**Try it**: Once the line containing "A influenciadora criou" is found in the records below, return it and each following line exactly, up to and including the line containing "выгула домашних питомцев.", and nothing else.

**Extracted data**:
▬▬▬▬▬▬▬▬▬▬
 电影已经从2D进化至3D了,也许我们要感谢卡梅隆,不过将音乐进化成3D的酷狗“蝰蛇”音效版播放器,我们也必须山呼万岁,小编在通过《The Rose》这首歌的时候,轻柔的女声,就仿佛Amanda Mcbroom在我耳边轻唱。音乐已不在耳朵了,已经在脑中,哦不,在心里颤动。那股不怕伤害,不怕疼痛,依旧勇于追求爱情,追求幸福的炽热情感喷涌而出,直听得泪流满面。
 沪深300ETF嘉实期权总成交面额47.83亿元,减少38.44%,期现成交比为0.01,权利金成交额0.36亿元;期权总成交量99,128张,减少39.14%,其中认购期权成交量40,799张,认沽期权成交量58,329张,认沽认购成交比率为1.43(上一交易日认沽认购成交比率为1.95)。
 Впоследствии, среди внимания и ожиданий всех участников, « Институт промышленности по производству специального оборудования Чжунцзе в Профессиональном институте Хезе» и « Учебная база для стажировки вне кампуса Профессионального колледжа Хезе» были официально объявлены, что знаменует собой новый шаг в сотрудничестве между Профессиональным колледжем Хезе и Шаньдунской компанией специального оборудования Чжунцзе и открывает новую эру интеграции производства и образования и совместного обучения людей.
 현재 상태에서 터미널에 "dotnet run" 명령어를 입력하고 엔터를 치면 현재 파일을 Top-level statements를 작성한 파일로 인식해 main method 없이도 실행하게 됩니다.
▬▬▬▬▬▬▬▬▬▬
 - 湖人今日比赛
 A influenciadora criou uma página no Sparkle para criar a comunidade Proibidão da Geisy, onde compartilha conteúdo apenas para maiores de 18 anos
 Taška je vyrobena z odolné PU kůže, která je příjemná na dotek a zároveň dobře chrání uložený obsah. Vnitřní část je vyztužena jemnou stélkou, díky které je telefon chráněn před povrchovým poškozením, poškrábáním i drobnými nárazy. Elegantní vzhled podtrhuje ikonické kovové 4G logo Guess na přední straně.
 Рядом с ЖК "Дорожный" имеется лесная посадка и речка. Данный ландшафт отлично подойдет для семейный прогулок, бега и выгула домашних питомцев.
▬▬▬▬▬▬▬▬▬▬
**Result below**:
 A influenciadora criou uma página no Sparkle para criar a comunidade Proibidão da Geisy, onde compartilha conteúdo apenas para maiores de 18 anos
 Taška je vyrobena z odolné PU kůže, která je příjemná na dotek a zároveň dobře chrání uložený obsah. Vnitřní část je vyztužena jemnou stélkou, díky které je telefon chráněn před povrchovým poškozením, poškrábáním i drobnými nárazy. Elegantní vzhled podtrhuje ikonické kovové 4G logo Guess na přední straně.
 Рядом с ЖК "Дорожный" имеется лесная посадка и речка. Данный ландшафт отлично подойдет для семейный прогулок, бега и выгула домашних питомцев.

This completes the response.